Starting with the line that holds "10 peças conjunto" and stopping after the line that holds "Спортсмен растягивает мыщцы ног", repeat the lines below word for word, without the pictures.

Records to process -
== Segment start ==

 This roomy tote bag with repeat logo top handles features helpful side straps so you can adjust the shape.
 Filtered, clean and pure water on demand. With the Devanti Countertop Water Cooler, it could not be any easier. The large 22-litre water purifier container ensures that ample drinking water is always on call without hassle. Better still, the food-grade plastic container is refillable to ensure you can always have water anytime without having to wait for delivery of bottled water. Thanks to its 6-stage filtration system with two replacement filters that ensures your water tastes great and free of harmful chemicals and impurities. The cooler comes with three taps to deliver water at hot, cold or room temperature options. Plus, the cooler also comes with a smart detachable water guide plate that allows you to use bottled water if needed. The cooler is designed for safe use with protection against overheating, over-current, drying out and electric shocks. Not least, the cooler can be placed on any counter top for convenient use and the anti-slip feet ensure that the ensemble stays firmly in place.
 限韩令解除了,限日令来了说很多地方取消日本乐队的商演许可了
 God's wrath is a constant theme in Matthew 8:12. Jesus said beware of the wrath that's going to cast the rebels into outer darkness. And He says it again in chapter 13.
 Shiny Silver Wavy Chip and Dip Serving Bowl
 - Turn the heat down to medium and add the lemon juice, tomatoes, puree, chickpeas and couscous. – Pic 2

== Segment end ==
== Segment start ==

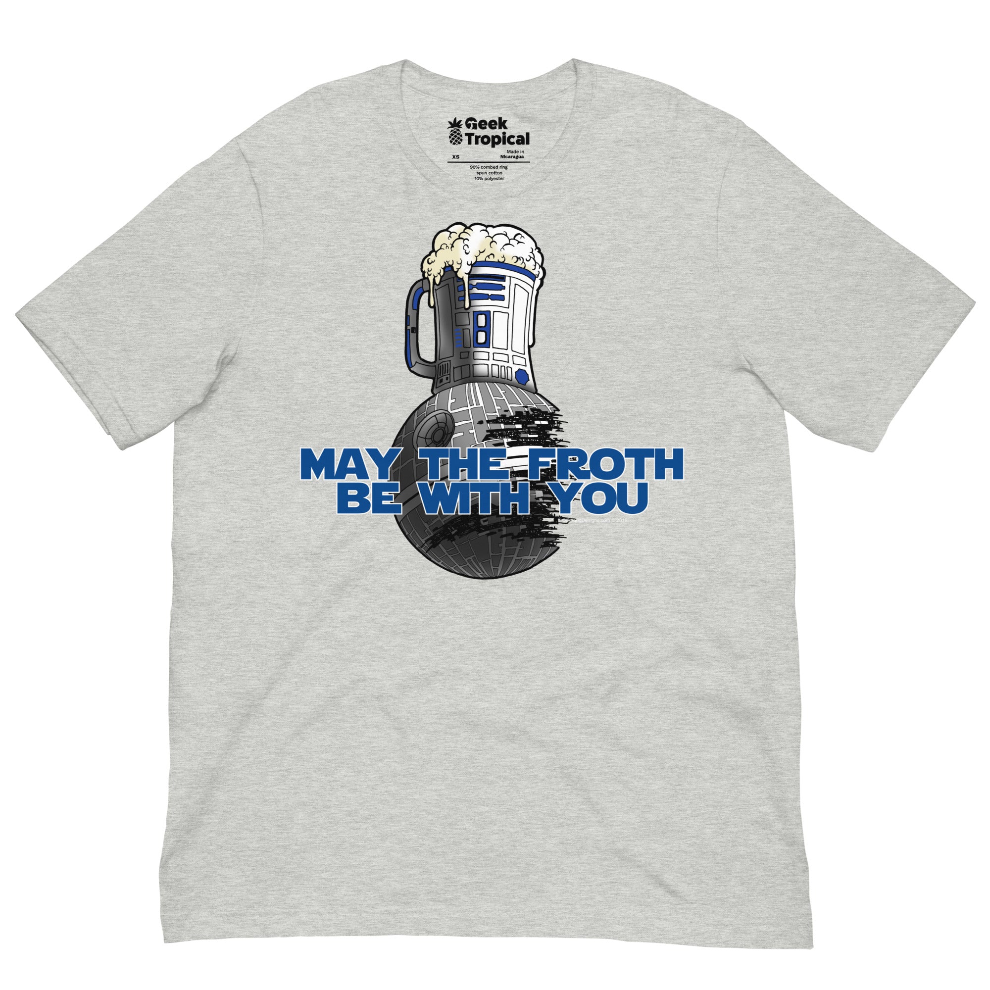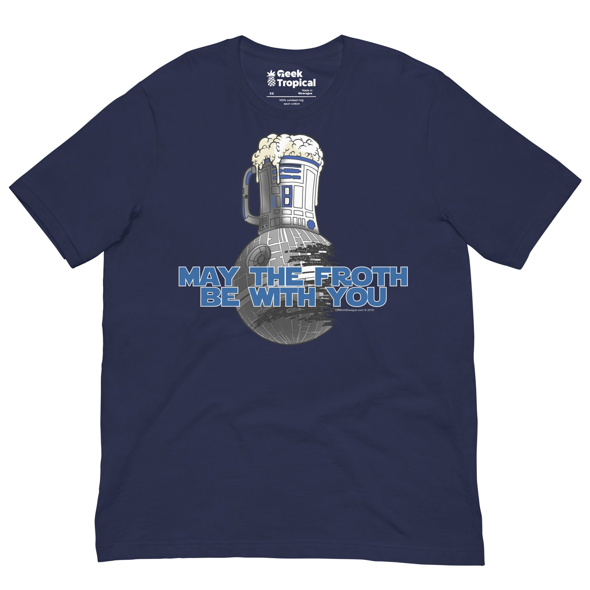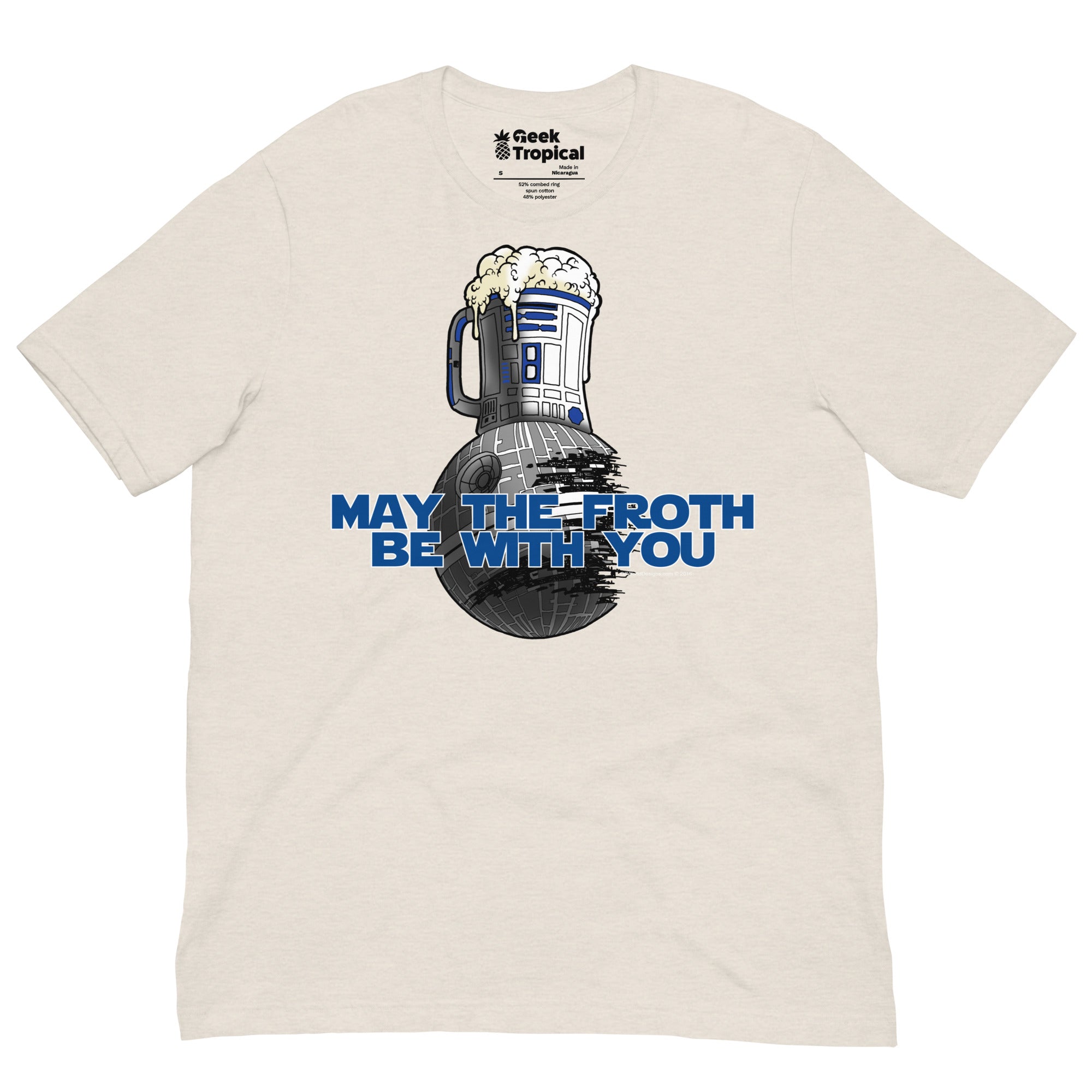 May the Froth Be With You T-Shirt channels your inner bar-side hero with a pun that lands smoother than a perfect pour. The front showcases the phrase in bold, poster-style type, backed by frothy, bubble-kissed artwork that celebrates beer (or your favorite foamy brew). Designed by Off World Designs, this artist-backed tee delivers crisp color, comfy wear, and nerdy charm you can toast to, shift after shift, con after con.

== Segment end ==
== Segment start ==

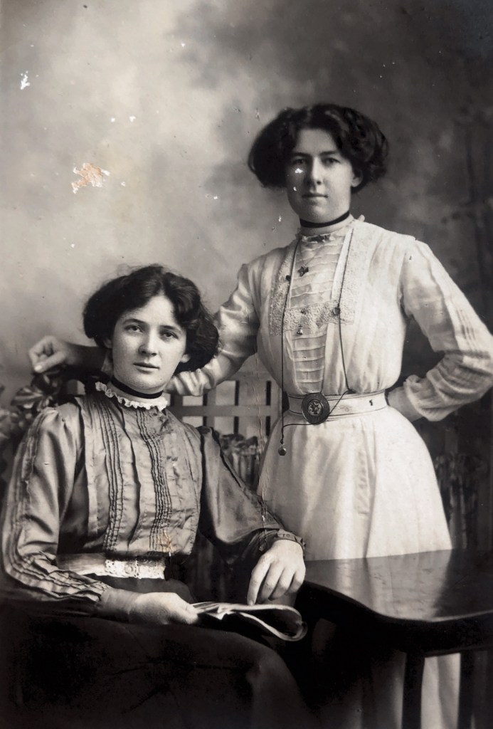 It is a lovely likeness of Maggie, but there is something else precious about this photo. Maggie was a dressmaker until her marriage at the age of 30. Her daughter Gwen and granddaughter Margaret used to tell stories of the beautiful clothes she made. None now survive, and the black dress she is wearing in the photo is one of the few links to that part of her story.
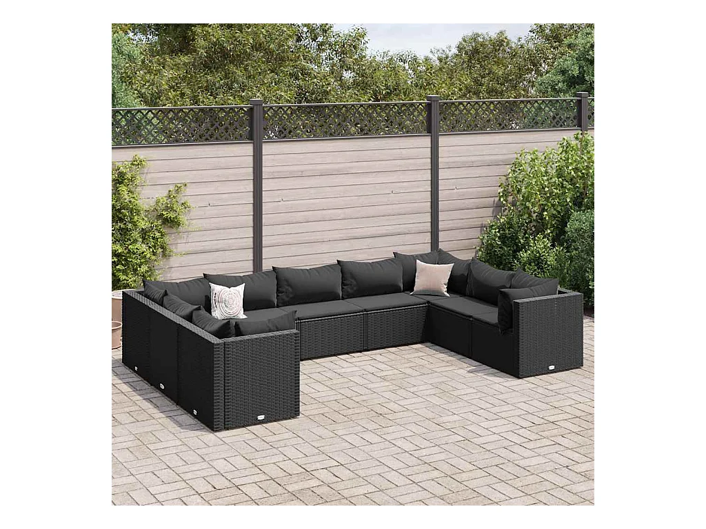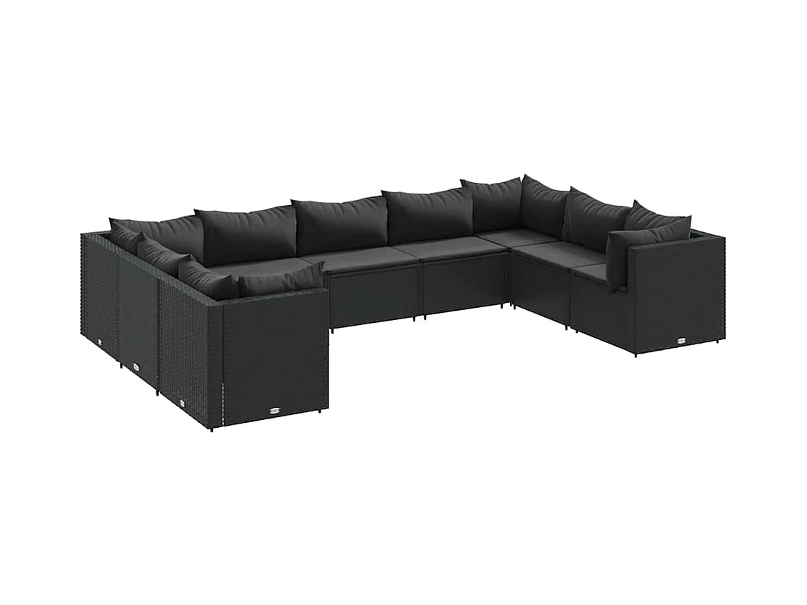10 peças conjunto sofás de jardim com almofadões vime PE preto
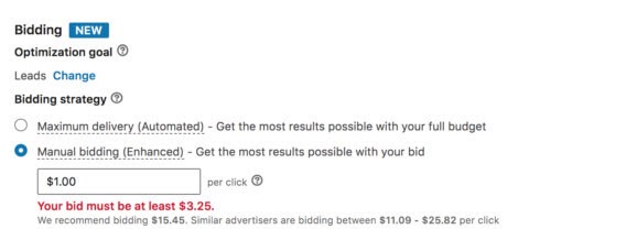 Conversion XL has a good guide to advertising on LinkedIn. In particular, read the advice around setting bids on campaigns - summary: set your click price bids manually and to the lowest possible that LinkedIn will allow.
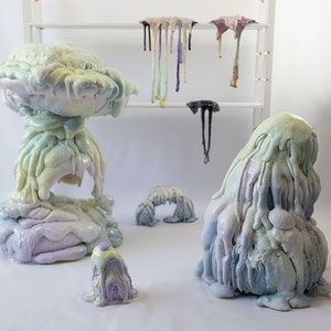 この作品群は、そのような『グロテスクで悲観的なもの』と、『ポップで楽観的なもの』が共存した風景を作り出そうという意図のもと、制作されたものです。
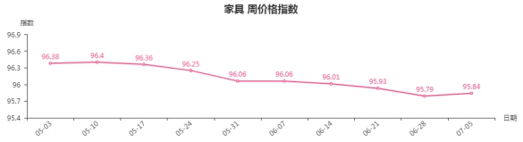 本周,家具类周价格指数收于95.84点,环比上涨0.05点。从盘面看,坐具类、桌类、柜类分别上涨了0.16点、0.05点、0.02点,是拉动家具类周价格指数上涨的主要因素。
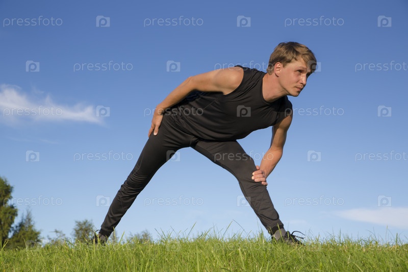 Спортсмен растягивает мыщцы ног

== Segment end ==

Result -
10 peças conjunto sofás de jardim com almofadões vime PE preto
 Conversion XL has a good guide to advertising on LinkedIn. In particular, read the advice around setting bids on campaigns - summary: set your click price bids manually and to the lowest possible that LinkedIn will allow.
 この作品群は、そのような『グロテスクで悲観的なもの』と、『ポップで楽観的なもの』が共存した風景を作り出そうという意図のもと、制作されたものです。
 本周,家具类周价格指数收于95.84点,环比上涨0.05点。从盘面看,坐具类、桌类、柜类分别上涨了0.16点、0.05点、0.02点,是拉动家具类周价格指数上涨的主要因素。
 Спортсмен растягивает мыщцы ног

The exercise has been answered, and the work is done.